VMware Horizon Client

VMware Horizon Server info-disclosure via internal net config
CVE-2023-34038 5.3 - Medium - August 04, 2023

VMware Horizon Server contains an information disclosure vulnerability. A malicious actor with network access may be able to access information relating to the internal network configuration.

VMware Horizon HTTP Smuggling Vulnerability (CVE-2023-34037)
CVE-2023-34037 5.3 - Medium - August 04, 2023

VMware Horizon Server contains a HTTP request smuggling vulnerability. A malicious actor with network access may be able to perform HTTP smuggle requests.

HTTP Request Smuggling

VMware Fusion (11.x before 11.5.2)
CVE-2020-3950 7.8 - High - March 17, 2020

VMware Fusion (11.x before 11.5.2), VMware Remote Console for Mac (11.x and prior before 11.0.1) and Horizon Client for Mac (5.x and prior before 5.4.0) contain a privilege escalation vulnerability due to improper use of setuid binaries. Successful exploitation of this issue may allow attackers with normal user privileges to escalate their privileges to root on the system where Fusion, VMRC or Horizon Client is installed.

Improper Privilege Management

VMware Horizon 6 (6.x.x before 6.2.7)
CVE-2018-6970 - August 13, 2018

VMware Horizon 6 (6.x.x before 6.2.7), Horizon 7 (7.x.x before 7.5.1), and Horizon Client (4.x.x and prior before 4.8.1) contain an out-of-bounds read vulnerability in the Message Framework library. Successfully exploiting this issue may allow a less-privileged user to leak information from a privileged process running on a system where Horizon Connection Server, Horizon Agent or Horizon Client are installed. Note: This issue doesn't apply to Horizon 6, 7 Agents installed on Linux systems or Horizon Clients installed on non-Windows systems.

VMware Horizon Client for Linux (4.x before 4.8.0 and prior) contains a local privilege escalation vulnerability due to insecure usage of SUID binary
CVE-2018-6964 - May 29, 2018

VMware Horizon Client for Linux (4.x before 4.8.0 and prior) contains a local privilege escalation vulnerability due to insecure usage of SUID binary. Successful exploitation of this issue may allow unprivileged users to escalate their privileges to root on a Linux machine where Horizon Client is installed.

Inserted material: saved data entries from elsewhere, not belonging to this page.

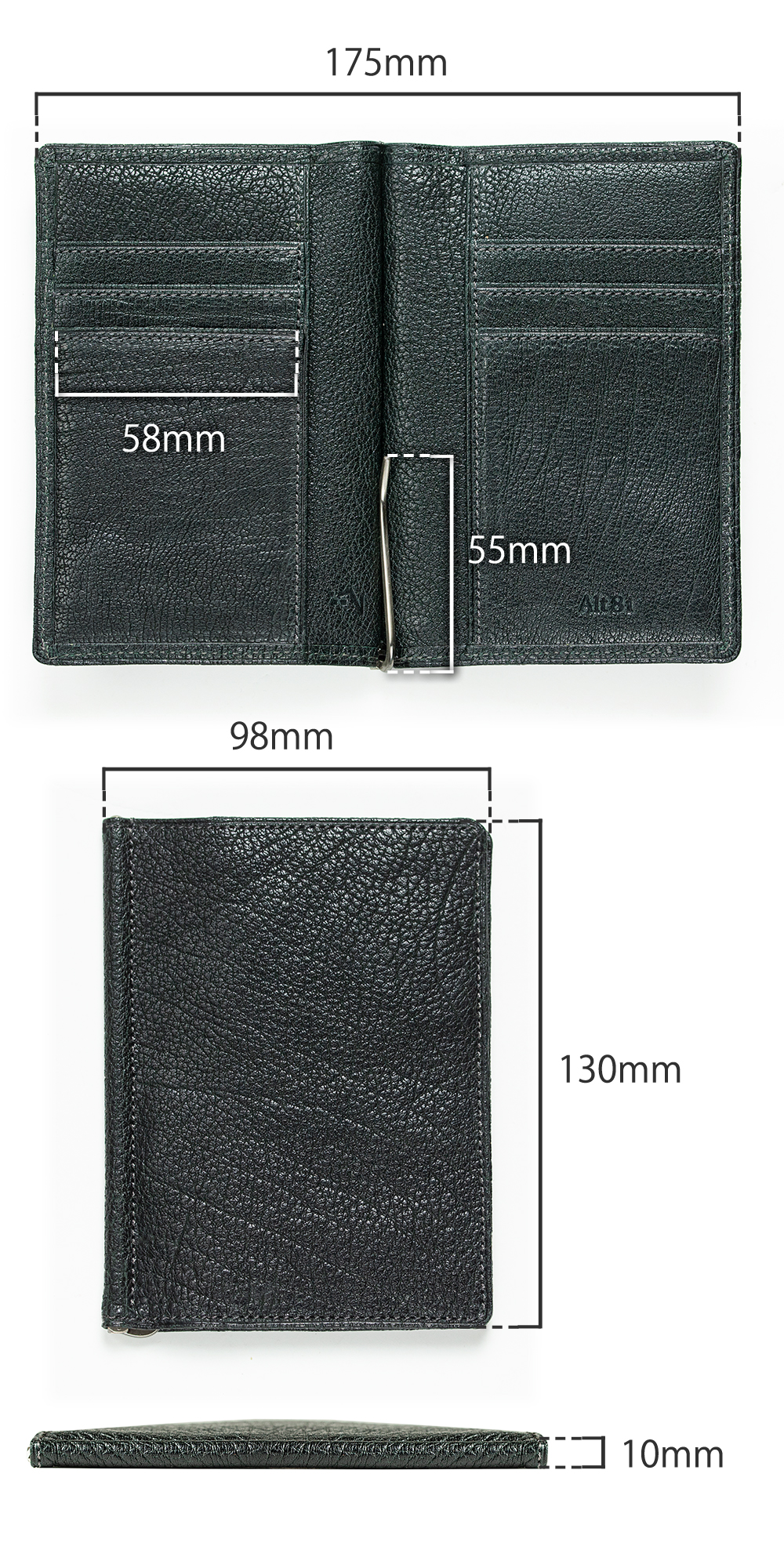 一般的なマネークリップはカードを横にして収納することと日本紙幣の長さを考慮して概ね横幅を11cm程度とっている。しかし、arrow_マネークリップ01は横幅を9.8cmとし、カードを縦に収納する縦長とした。紙幣は金属だけで留める方法もあるが、人によっては紙幣がV字にならないよう片側を留めておく場合もある。その場合も利き手に左右されないように両カード段の裏は紙幣を挟めるようになっている。
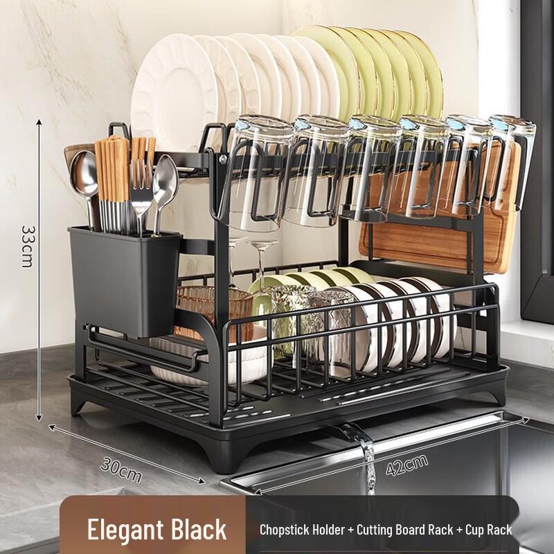 МодельЧерная двухъярусная подставка для мисок и чашек - Полный набор
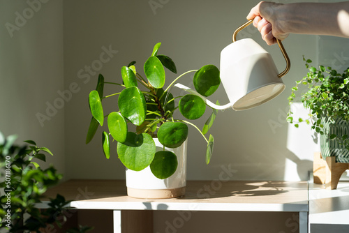 Woman watering potted Pilea peperomioides houseplant on the table at home, using white metal watering can, taking care. Hobby, indoor gardening, plant lovers.

VMware Workstation (14.x before 14.1.0 and 12.x) and Horizon View Client (4.x before 4.7.0) contain an out-of-bounds read vulnerability in TPView.dll
CVE-2017-4948 - January 05, 2018

VMware Workstation (14.x before 14.1.0 and 12.x) and Horizon View Client (4.x before 4.7.0) contain an out-of-bounds read vulnerability in TPView.dll. On Workstation, this issue in conjunction with other bugs may allow a guest to leak information from host or may allow for a Denial of Service on the Windows OS that runs Workstation. In the case of a Horizon View Client, this issue in conjunction with other bugs may allow a View desktop to leak information from host or may allow for a Denial of Service on the Windows OS that runs the Horizon View Client. Exploitation is only possible if virtual printing has been enabled. This feature is not enabled by default on Workstation but it is enabled by default on Horizon View.